Even worse is when the film gets on a pedestal and starts giving pat moral lectures – in the opening sequence, Vin Diesel steals the Porsche of a Senator who is anti-rock music, tried to have videogames banned and has a bumper sticker ‘Skateboarding Should Be Banned’ on his car. While lecturing to the camera “rock music’s not evil … banning videogames – give us a break, they’re the only education we got,” Vin surfs the Porsche off a bridge, while telecasting the stunt to an admiring internet audience. Such a lunatically defiant heroism aside, what seems the ultimate insult is the way the scene is undercut with the sort of pat message-making that used to come at the end of Saturday morning cartoons to make sure that children went away with an edifying message. All that seems to be missing is someone saying “Don’t do this at home, kiddies.” Even more absurdly, Vin Diesel gets to lecture a henchman on the evils of smoking, saying “those things will kill you” – which later turns out to be literally the case in a ludicrous scene where Vin gets to bump off said henchman by targeting a heat-seeking missile on his cigarette.
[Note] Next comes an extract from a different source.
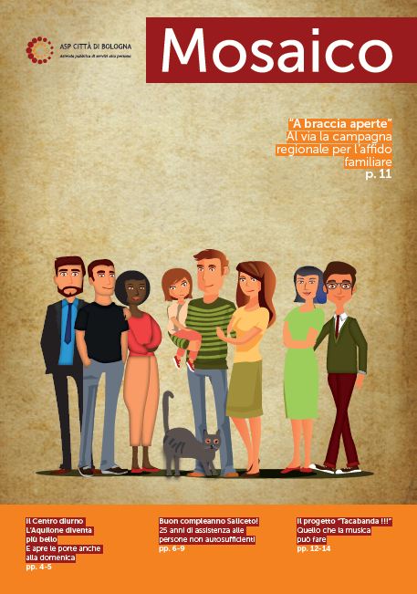 Nelle pagine di questo numero si parla di ASP in un welfare che cambia, del tentativo di creare modalità più efficaci per dare risposte ai bisogni sociali che si trasformano: della presentazione del progetto di sperimentazione che vede il Centro Diurno L'Aquilone, dedicato ad utenza affetta da demenza, aprire le sue porte anche di domenica; dalla Casa Residenza Anziani Saliceto che festeggia i suoi primi 25 anni di assistenza e cura alle persone non autosufficienti; dall'avvio al progetto Galaxy, una struttura di accoglienza per famiglie bolognesi in emergenza abitativa; dalla campagna regionale informativa per promuovere l'affidamenteo familiare, "A braccia aperte"; del progetto "Tacabanda", quello che la musica può fare ed, infine, del progetto "Porto 15" che rappresenta una forma di co-housing, abitare insieme. Pubblicato il 7 Gennaio 2016

xXx toplines Vin Diesel. Vin Diesel first came to attention Saving Private Ryan (1998) and then with the electrifying performance he gave as the serial killer in the sf film Pitch Black (2000). Diesel consolidated his name with the unexpected success of The Fast and the Furious (2001), a film that similarly wrote him in as an adrenaline-junkie in an anti-authoritarian under-culture. By the time of xXx, where Diesel reteams with Fast and the Furious director Rob Cohen, and which Diesel executive produces, Diesel had entered the realm of Hollywood superstardom. While both Pitch Black and The Fast and the Furious show Diesel as a trim, muscled and handsomely powerful presence, xXx spreads Vin Diesel’s charms only too transparently thin. Here director Rob Cohen fails to trim Diesel’s persona into a muscular, contained presence and all that Diesel is on screen is a big kid with tattoos and a goofy smile. He lacks even the heroic presence and solid charismatic certainty that non-acting action stars like Schwarzenegger or Stallone can bring to a film. Up against him, Italian horror director Dario Argento’s daughter Asia is merely brattish window-dressing. Marton Csokas, formerly a music tv presenter and a teen heartthrob on the soap opera Shortland Street (1992– ) in his native New Zealand, badly overacts the stock Russian-accented villainous menace.

The equally lame sequel was xXx: State of the Union/xXx: The Next Level (2005) where the central role was recast with Ice Cube as a rogue prison escapee defending The President from an assassination plot, although this has no sf elements. Vin Diesel and Samuel L. Jackson eventually made a return with the long announced xXx: Return of Xander Cage (2017).

Director Rob Cohen also made the likes of the ridiculous Bruce Lee biopic Dragon: The Bruce Lee Story (1993), the Sylvester Stallone vehicle Daylight (1996), the fantasy film DragonHeart (1996), the thriller The Skulls (2000), The Fast and the Furious (2001), the sf/action film Stealth (2005) about an artificially intelligent fighter plane, The Mummy: Tomb of the Dragon Emperor (2008), the serial killer thriller Alex Cross (2012) and the psycho-thriller The Boy Next Door (2015). Throughout these, Rob Cohen has developed a reputation for flashy effects and action sequences but little sense of drama or character.

(Winner in this site’s Worst Films of 2002 list).